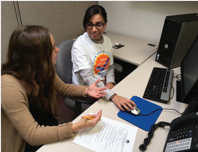
A VITA participant receives information about her taxes
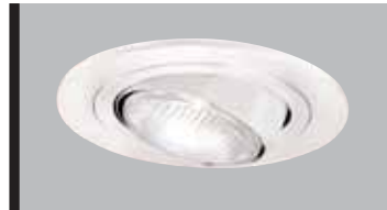
996P White Trim with White Trim Ring
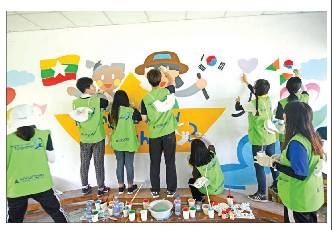
Korean University students paint on the wall at a school in Thakayta Township.

KOREAN university students volunteered their services at three schools in Thakayta Township under a cultural exchange program, and helped repair, paint, create murals, and provide educational services at the institutions.
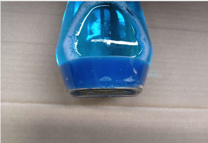
DECORATIVE BOTTLE LIQUID
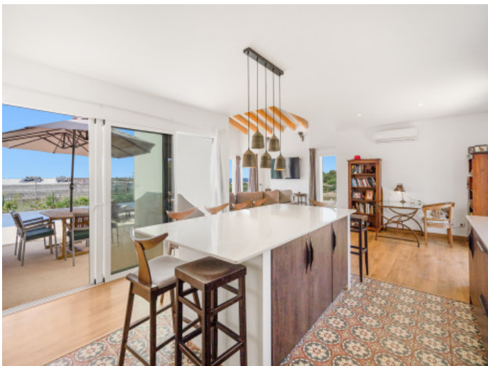
Kitchen with terrace access
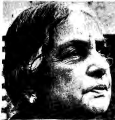
Kamaladevi Chattopadhyay , former Chairman of the Akademi and a leading figure in Indian arts and crafts, died in Bombay on 29 October 1988; she received the Akademi Fellowship in 1974.
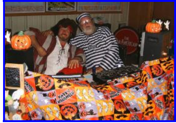
Pirates of the Chiloquin and the boy's later in the evening
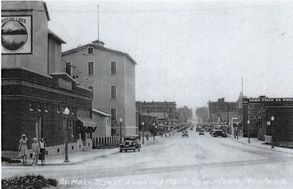
Intersection of E. Main Street and the Railroad Right-of-Ways, Looking West. High Street and the Great Northern branch to Grass Range (originally intended as the Montana Eastern line to North Dakota) is seen in the foreground. Miller Street and the Milwaukee Road's northern branch can be seen one block west. Sawyers and the Montana Flour Mill Co. are on the south (left) side of Main Street. The warehouses of the Gamble-Robinson Co. and Nash-Finch Co. are on the north (right) side of Main Street. (photo curtesy the Lewistown Public Library).
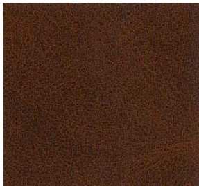
dark brown 805

REQUIREMENT:
Nothing but the lines from the start of the records above through the line with "Korean University students paint" should be retyped, each exactly as written; leave out all pictures.

EXERCISE RESULT:
A VITA participant receives information about her taxes
996P White Trim with White Trim Ring
Korean University students paint on the wall at a school in Thakayta Township.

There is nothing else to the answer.